Snowflakes flickered in the gentle winter sunlight, fluttering around pine trees and building up on steep sloped rooftops prepared to slough off their yearly weight. It draped another layer over the road and onto the snow banks pushed to the side from the last time a snowplow was needed. Kepler was a new landscape chock full of artistic inspiration, especially when it was like this, and yet instead of focusing on the natural beauty of it all, snapping a photo or otherwise preserving the imagery, Kirby was trekking though the snow in his new winter boots he had purchased with the money from his latest commission, trying to make the money for his next one.

Of everything it could have been, the first painting he sold in Kepler was a portrait of Bigfoot. He had never given much thought as to the existence of such creatures, but he had grown up in West Virginia, and had certainly heard talk of cryptids his entire life. Naturally, he was inclined to believe it.

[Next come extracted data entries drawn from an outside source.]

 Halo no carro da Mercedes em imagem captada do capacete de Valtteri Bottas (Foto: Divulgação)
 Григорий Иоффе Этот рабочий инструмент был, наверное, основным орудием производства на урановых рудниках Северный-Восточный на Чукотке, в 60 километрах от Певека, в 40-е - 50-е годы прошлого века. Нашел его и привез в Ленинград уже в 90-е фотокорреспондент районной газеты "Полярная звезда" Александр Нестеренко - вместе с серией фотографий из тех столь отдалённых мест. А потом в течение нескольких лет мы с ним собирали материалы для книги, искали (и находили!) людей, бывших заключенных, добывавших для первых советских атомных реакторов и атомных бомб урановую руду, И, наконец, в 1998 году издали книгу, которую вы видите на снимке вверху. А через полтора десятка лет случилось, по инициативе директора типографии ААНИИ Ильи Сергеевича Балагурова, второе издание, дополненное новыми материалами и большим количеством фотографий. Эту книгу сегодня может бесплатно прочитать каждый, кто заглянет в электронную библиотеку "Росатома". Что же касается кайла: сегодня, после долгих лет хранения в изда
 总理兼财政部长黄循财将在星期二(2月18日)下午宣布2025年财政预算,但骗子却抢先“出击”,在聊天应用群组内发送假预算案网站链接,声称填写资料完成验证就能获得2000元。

His employer had provided a more than decent pay, especially considering the shambling stature of the shop he appeared to work for, and amongst conversation Kirby had let slip that he was looking for a career in journalism. The man - Ned Chicane was how he introduced himself - offered another fine sum to write up something that could promote his small business. He'd wanted something exciting, something eye-catching, something that was definitely a tourist trap. Kirby hadn't realized he meant fake a cryptid story, and had instead grabbed his camera and a notebook and headed out to the Monongahela forest in search of a cryptid story.

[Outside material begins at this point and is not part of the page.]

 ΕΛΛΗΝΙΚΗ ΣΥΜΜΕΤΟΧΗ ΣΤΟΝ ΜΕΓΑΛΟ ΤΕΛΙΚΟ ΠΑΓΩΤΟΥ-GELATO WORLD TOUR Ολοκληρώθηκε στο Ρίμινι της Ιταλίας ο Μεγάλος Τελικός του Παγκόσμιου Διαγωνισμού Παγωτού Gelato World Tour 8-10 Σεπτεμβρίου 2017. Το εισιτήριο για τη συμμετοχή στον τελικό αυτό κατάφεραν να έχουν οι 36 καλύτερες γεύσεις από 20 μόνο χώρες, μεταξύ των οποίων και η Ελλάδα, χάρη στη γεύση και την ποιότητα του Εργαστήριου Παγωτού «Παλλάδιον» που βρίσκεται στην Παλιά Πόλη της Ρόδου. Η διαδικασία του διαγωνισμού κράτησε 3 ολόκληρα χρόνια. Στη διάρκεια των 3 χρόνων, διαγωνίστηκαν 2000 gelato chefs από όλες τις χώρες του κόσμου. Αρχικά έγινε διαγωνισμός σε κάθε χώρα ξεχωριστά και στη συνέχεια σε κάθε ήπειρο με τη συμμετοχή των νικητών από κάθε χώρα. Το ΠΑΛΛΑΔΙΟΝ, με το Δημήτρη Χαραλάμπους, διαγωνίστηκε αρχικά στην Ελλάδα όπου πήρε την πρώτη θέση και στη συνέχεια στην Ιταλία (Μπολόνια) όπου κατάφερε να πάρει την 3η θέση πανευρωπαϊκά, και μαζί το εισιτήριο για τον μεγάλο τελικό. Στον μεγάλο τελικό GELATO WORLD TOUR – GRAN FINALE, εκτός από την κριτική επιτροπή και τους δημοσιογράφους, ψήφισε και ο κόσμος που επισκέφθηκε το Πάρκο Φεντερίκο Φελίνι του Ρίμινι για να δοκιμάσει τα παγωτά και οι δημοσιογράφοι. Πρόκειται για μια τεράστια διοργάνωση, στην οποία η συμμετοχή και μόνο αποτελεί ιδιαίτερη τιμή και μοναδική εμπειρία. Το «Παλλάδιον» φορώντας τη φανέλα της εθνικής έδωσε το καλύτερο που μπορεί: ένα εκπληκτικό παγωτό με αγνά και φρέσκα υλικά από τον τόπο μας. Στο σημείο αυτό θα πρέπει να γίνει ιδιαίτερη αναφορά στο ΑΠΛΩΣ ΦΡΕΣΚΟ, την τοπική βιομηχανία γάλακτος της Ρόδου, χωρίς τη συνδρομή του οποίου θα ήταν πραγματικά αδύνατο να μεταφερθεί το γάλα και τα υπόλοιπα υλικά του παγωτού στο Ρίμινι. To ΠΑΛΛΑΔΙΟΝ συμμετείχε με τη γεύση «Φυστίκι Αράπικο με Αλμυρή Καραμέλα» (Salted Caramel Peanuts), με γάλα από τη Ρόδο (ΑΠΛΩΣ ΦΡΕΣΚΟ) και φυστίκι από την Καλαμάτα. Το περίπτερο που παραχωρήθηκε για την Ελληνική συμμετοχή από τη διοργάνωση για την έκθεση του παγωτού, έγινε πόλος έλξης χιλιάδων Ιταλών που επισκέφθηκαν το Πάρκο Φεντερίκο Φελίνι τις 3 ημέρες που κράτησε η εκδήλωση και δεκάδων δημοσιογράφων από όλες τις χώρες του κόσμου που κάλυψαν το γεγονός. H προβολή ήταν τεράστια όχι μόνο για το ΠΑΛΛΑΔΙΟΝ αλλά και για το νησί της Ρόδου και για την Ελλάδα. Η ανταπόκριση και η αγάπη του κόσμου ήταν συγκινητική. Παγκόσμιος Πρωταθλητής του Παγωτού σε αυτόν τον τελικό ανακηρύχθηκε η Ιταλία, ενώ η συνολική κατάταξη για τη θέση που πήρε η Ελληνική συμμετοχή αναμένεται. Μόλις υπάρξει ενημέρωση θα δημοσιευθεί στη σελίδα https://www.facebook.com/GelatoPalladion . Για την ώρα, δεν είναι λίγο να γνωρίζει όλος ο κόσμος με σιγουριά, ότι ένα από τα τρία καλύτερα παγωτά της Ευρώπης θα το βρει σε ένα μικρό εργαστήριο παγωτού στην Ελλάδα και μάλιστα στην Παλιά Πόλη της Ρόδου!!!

He thought about it more than just wandering into a forest blindly looking for Bigfoot, of course. He'd asked around town, tracked down the most recent sightings, and followed the bread crumb trail to an area in the woods where an abnormally large bobcat was said to have been seen. In all ways Kirby could see it, it was a perfect start to a new and hopeful career. As a young writer in his early twenties, relishing in the first years of adulthood and new to the small town, with poor high school grades and no college degree, he was well aware it would be difficult, but he saw this now as the beginning of something entirely.

The spot of the sighting was comfortingly close to the town, close enough that he could look up and see the metallic shine of some of the taller rooftops just barely obscured by the taller trees. It was a sort of clearing, covered in inconsistent hills and conservatively dispersed flora. Kirby had gotten word from at least two completely unrelated people who claimed to have seen this large bobcat. He felt pretty assured about the whole thing.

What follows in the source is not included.